Lastly, there was this understanding that India would not resume testing of nuclear weapons in return for the civilian nuclear cooperation agreements and the NSG waiver. However, there are no legal instruments that oblige India in this regard. The mere threat here is that the supplier states will abandon their cooperation agreements with India. While India has signed over a dozen civilian nuclear cooperation agreements with the NSG member states, only the U.S., Japan and Australia have stated that Indian resumption of nuclear testing would violate the agreements. It is unknown whether other supplier states have put similar conditions as those agreements remain shrouded in secrecy. In a situation where there are no legally binding instruments obliging India to refrain from testing and several other suppliers (which can potentially continue to supply nuclear materials and technology to India even if it resumes nuclear testing), India remains unrestrained on the issue of nuclear testing. On the other hand, Pakistani moratorium on nuclear testing is likely to continue being governed by Indian moratorium as per its stated policy. Pakistan can ill afford to resume nuclear testing as long as India does not. Therefore, it is imperative that the international community devises a mechanism to legally oblige the two states to enter into a legal arrangement that restricts their option of nuclear testing. Simultaneous entry in to the Comprehensive Test Ban Treaty (CTBT) should be a top consideration for NSG’s membership. Another possibility could be a bilateral legally binding agreement between the two states that forecloses the possibility of nuclear testing in the region.
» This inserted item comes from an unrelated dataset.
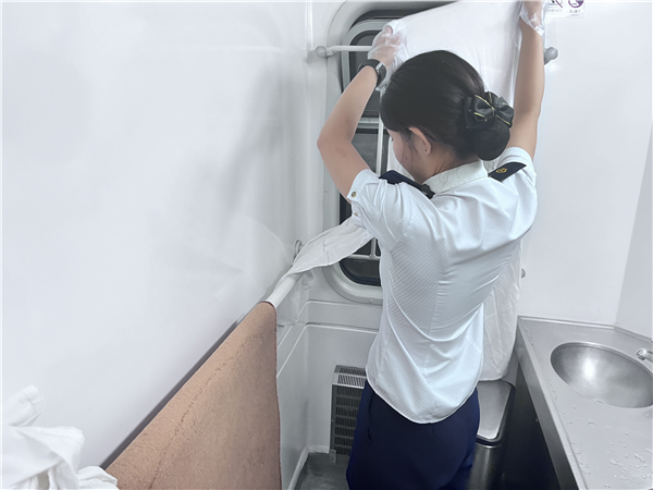 周莉娟立即趕到6號包房查看情況,發現老人正若無其事坐在23號下鋪,詢問其身體是不是有不適?老人說,“我沒事,謝謝!”看著老人對答如流,又看到濕透的床單,周莉娟心中有了答案。通過查看旅客信息,知道老人姓黃,1952年生,上海人,70多歲的老人小便失禁尿在鋪上,對于乘務多年的周莉娟看來很正常。周莉娟詢問老人是否帶了換洗衣物,老人說沒帶,周莉娟便取來一條床單給老人墊在身下讓其休息,并將老人對面的旅客調換到別的包房,然后把尿濕的床單、褥子拿去洗晾,收拾完這些,已經是2時。

On the count of these three aspects of civil military separation, additional protocol and nuclear testing, Pakistan appears to be well prepared to enter into the NSG and contribute positively toward the nuclear non-proliferation regime at large. However, Pakistani stance on nuclear testing is likely to be affected by Indian position on the subject. Therefore, it would be logical to demand similar obligations from either side when it comes to joining the NSG. In Pakistani case, it would be ostensibly easier to iron out the details given the simpler nature of Pakistani nuclear program.

Sameer Ali Khan is currently a visiting fellow at the Center for International Strategic Studies, Islamabad.